## Required action
Print, please, exactly the lines from the one with "I think that" through the final line of the data below, with both ends included and the pictures left out.

Collected data entries
******************************
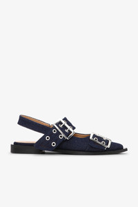 These Denim Feminine Buckle Ballerinas feature slingback straps and a pointed toe. The shoes have two silver-tone buckles with matching eyelets and a black squared block heel. DETAILS - 100% recycled cotton. Learn more about our materials - Lining composition: 76% Polyurethane 24% Viscose - Slingback straps - Pointed toe - Two silver-tone buckles with eyelets - Black squared block heels Made in: Portugal Product ID: S2797 SIZE & FIT - Fits true to size, take your normal size
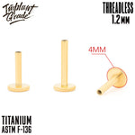 Threadless Gold labret post 1.2 (16 G) base 4 mm
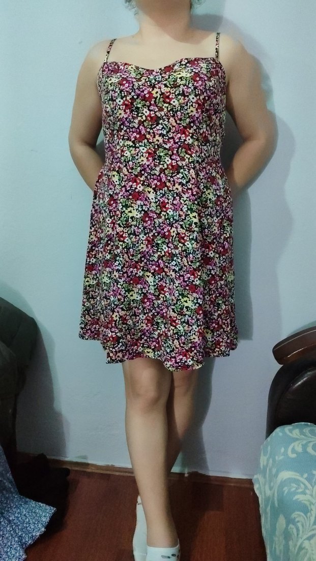 Askılı, çiçek desenli ve dantel detaylı midi elbise, rahat kesimi ve yumuşak sentetik kumaşıyla günlük kullanıma uygundur.
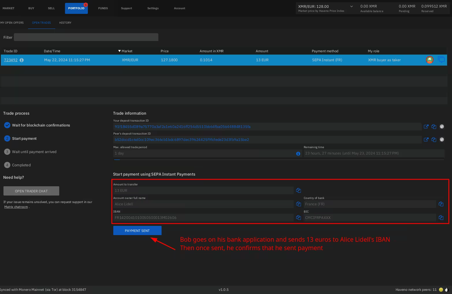 Next, Bob has to pay 13 Euros to the Alice, via a bank transfer (SEPA instant) as he can now see her bank information:
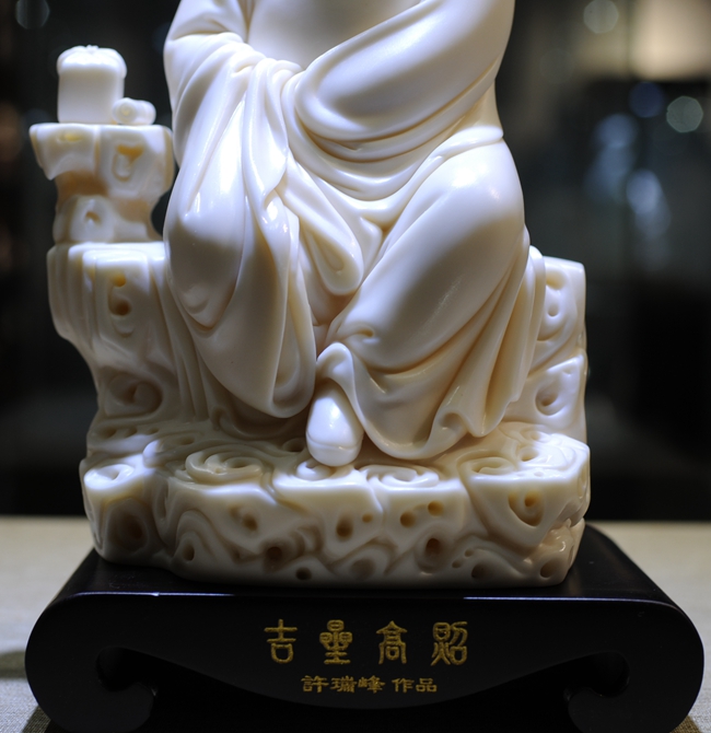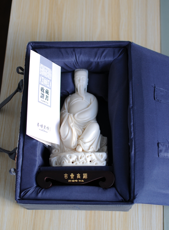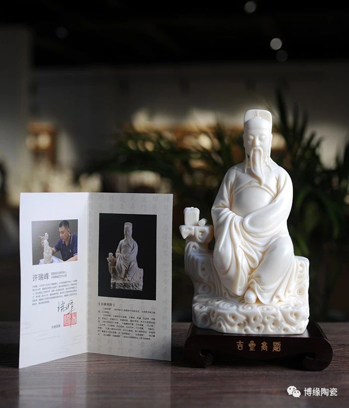 2.婚姻感情 文昌主一個人的溝通能力,若本身命中文昌不佳或受刑克等等,易造就此人個性上缺失,簡言之就是難溝通、情緒管理欠佳,嚴重者會言行舉止粗暴,這就造就了很多感情中相處不良最終以離婚或分手收場。 另外,感情世界里哪種人比較受異性青睞?當然是長相氣質(zhì)行為舉止優(yōu)雅者。若命中文昌佳,處世圓融人緣好且貴人多,自然也較受異性喜愛。所以在求月老來助姻緣時,有曾想過先去求文昌帝君,或是加強本身命中的文昌嗎? 3.在財運上 求財運拜財神是每個人都愛做的事,卻忽略了文昌對生意事業(yè)上的重要特性。社會上是一連串的人際周旋應(yīng)對,為人處事圓融者自然會得到更多人脈資源,更多貴人來助或雪中送炭。忽略文昌只求財神,難免落入生意永遠只做一次,這要如何飛黃騰達,永續(xù)發(fā)展呢? 4.在工作上 上班族雖不做生意,但最注重的就是升官升遷。文昌主功名祿位,就現(xiàn)代社會而言,在職場中,不管是公務(wù)員還是從事藝術(shù)、工程、教育、銀行等各種行業(yè)的人,都可以禮拜文昌帝君,以求廣開云路、工作順利、文運官運步步高升、事業(yè)有成、福德增崇。 中國陶瓷藝術(shù)大師許瑞峰《吉星高照》 長寬高:13.5x8.5x27(含底座3cm) 德化是“中國白的故鄉(xiāng)”,在世界瓷壇獨樹一幟,被稱為“世界白瓷之母”。在國際上有"東方藝術(shù)"之聲譽。德化白瓷,精選高嶺土5萬一噸,因其產(chǎn)品制作精細,質(zhì)地堅密,晶瑩如玉,釉面滋潤似脂,故有"象牙白"、"豬油白"、"鵝絨白"等美稱,素有“世界白瓷看中國,中國白瓷看德化”之稱。 文昌帝君,又稱更生永命天尊,是中國民間和道教尊奉的掌管士人功名祿位之神。文昌即文昌星,古時認為是主持文運功名的星宿。 許瑞峰大師在繼承德化歷代瓷塑技藝尤其是家族傳統(tǒng)技法的基礎(chǔ)上;在“瓷圣”何朝宗的寫意概括與“山湖祖”許氏家傳技法之間找到了平衡點,創(chuàng)造出“許氏瓷塑”藝術(shù)風(fēng)格。 文昌帝君和藹慈祥即體現(xiàn)德化優(yōu)秀的傳統(tǒng)技法又融入許家家傳的“山湖祖”精雕細刻的創(chuàng)作手法。作品采用德化優(yōu)質(zhì)中國白瓷土,經(jīng)1300多度高溫?zé)贫?br /> 德化瓷器,以白瓷為最;白瓷之中,又以佛像為最。德化白瓷所塑佛像有性格鮮明、造型優(yōu)美、神態(tài)逼真、風(fēng)格洗練的特點。有一種單純的雕塑美和原材料的質(zhì)地美,最能體現(xiàn)佛教樸素、平和的思想。 文昌作品雕刻精細,線條流暢。 作品瓷質(zhì)細膩,溫潤似玉 許瑞峰大師匠心制作,文昌坐于巖石之上,巖石紋路雕刻精細,生動。 作品背部落有許瑞峰個人印章,德化印章,具有很高的收藏價值 收藏證書: 作者親筆簽名收藏證書,具有很高的收藏價值
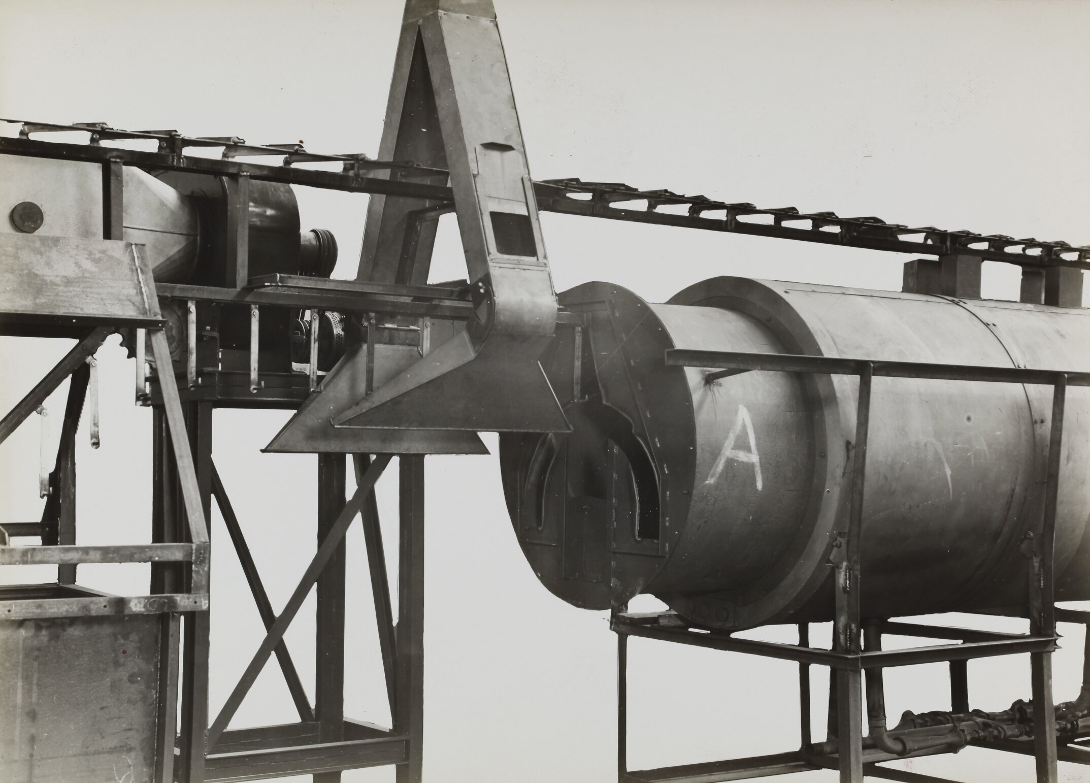 Black and white promotional image of a machine. It is part of a collection of photographs and marked printer's copy used in the preparation of trade literature promoting products manufactured by the Schumacher Mill Furnishing Works Pty Ltd. The items were originally housed in a wooden filing drawer, with many filed by subject. This photograph was previously filed under 'Laquer Dipping'.
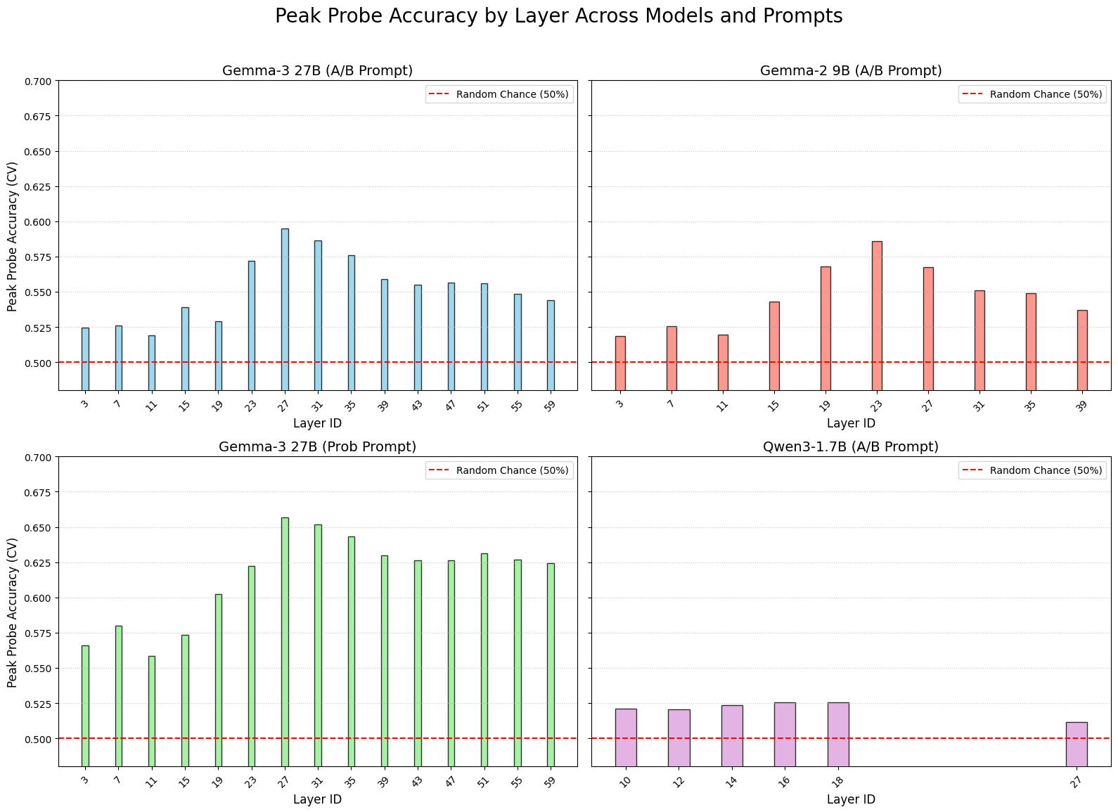 I think that on Qwen-1.7B, the probes might be less accurate, but I wouldn't conclude that definitely since the model had 73% accuracy vs. Gemma3-27B's 86%, so it might be the model that underperforms instead of the probes, and also the confidence interval is wider since on Qwen, I used 250 questions instead of 500.
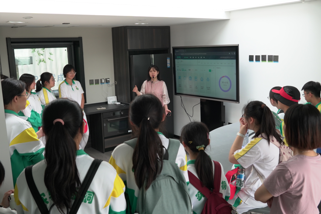在智慧能源科普教育基地,学院教师宋关羽与王智颖为同学们介绍了光伏供电系统、讲解了非侵入式负荷监测技术、展示了基于地源热泵的室内温度管理机制。同学们对清洁能源的应用、直流电源设备等兴趣盎然,踊跃提问。
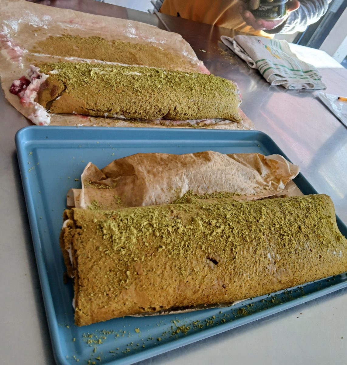 « Gâteaux roulés saupoudrés de thé matcha et sucre glace ».
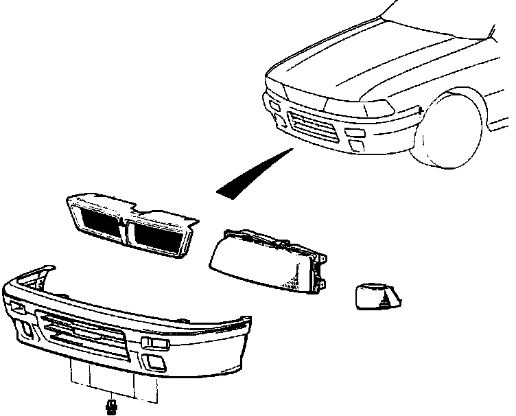 1. Remove the grille, front combination light, headlight and front bumper face coupling clip.
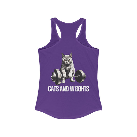 BACK DESIGN Cats and Weights Tank Top Cats Lifting Weights Powerlifting Kitty Tank Tops
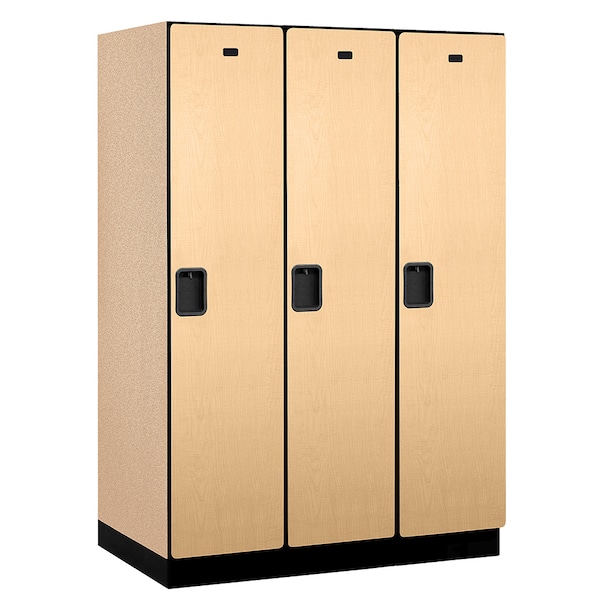 1 Tier Designer Locker, 54"Wx76"Hx24"D, 3 Door, Maple
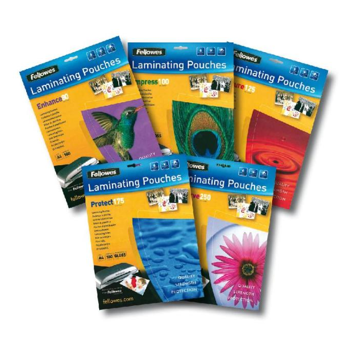 Laminovacie fólie Fellowes kvalitne a dlhodobo ochránia dokumenty pred znehodnotením a vplyvmi prostredia. Vyznačujú sa priezračnosťou a nízkou teplotou potrebnou na laminovanie.
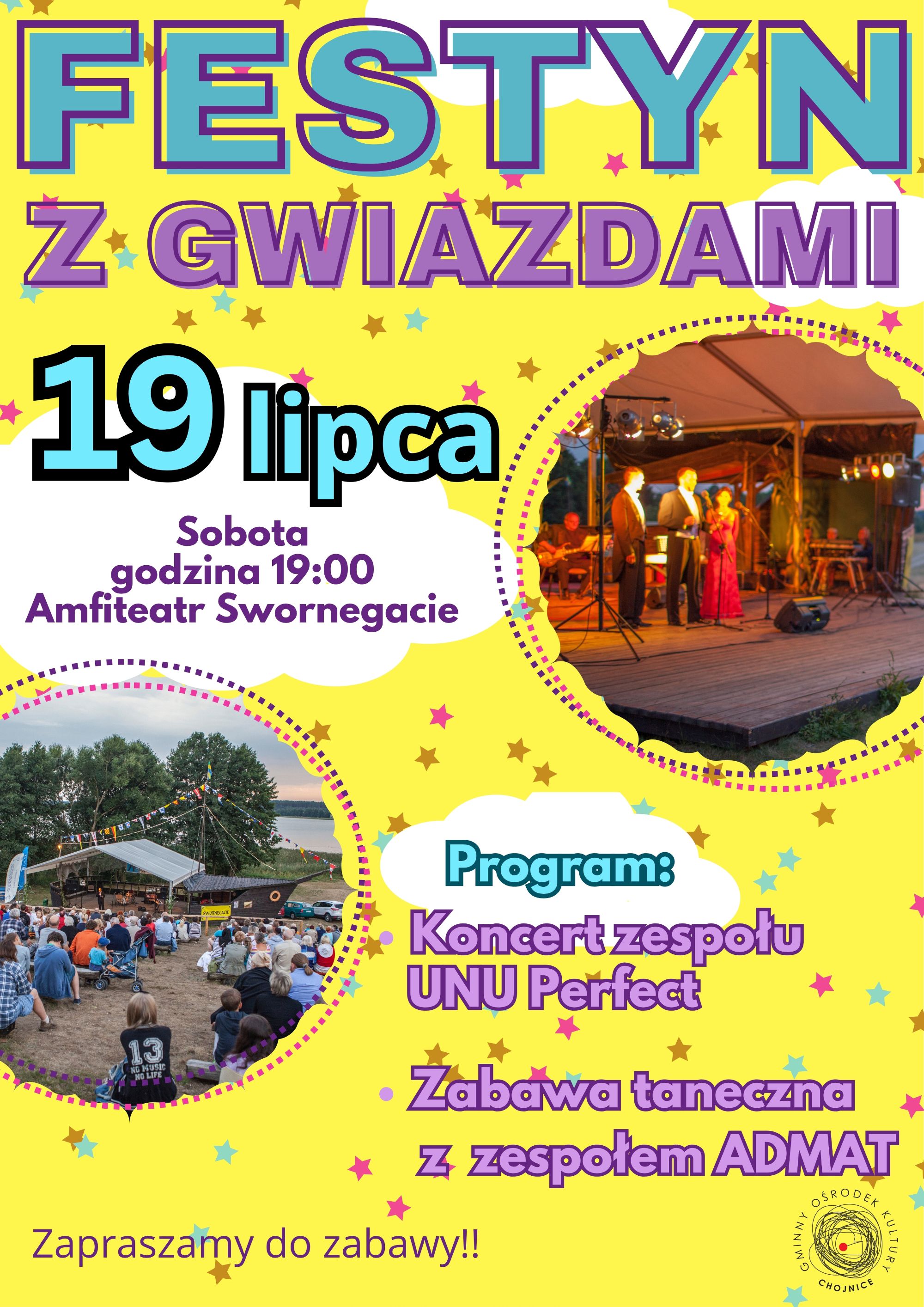W sobotę, 19 lipca, w amfiteatrze w Swornegaciach odbędzie się wydarzenie pod nazwą Festyn z Gwiazdami. Początek zaplanowano na godzinę 19:00. W programie przewidziano koncert zespołu UNU Perfect, a następnie zabawę taneczną z zespołem ADMAT.
******************************
## Solution
 I think that on Qwen-1.7B, the probes might be less accurate, but I wouldn't conclude that definitely since the model had 73% accuracy vs. Gemma3-27B's 86%, so it might be the model that underperforms instead of the probes, and also the confidence interval is wider since on Qwen, I used 250 questions instead of 500.
在智慧能源科普教育基地,学院教师宋关羽与王智颖为同学们介绍了光伏供电系统、讲解了非侵入式负荷监测技术、展示了基于地源热泵的室内温度管理机制。同学们对清洁能源的应用、直流电源设备等兴趣盎然,踊跃提问。
 « Gâteaux roulés saupoudrés de thé matcha et sucre glace ».
 1. Remove the grille, front combination light, headlight and front bumper face coupling clip.
 BACK DESIGN Cats and Weights Tank Top Cats Lifting Weights Powerlifting Kitty Tank Tops
 1 Tier Designer Locker, 54"Wx76"Hx24"D, 3 Door, Maple
 Laminovacie fólie Fellowes kvalitne a dlhodobo ochránia dokumenty pred znehodnotením a vplyvmi prostredia. Vyznačujú sa priezračnosťou a nízkou teplotou potrebnou na laminovanie.
W sobotę, 19 lipca, w amfiteatrze w Swornegaciach odbędzie się wydarzenie pod nazwą Festyn z Gwiazdami. Początek zaplanowano na godzinę 19:00. W programie przewidziano koncert zespołu UNU Perfect, a następnie zabawę taneczną z zespołem ADMAT.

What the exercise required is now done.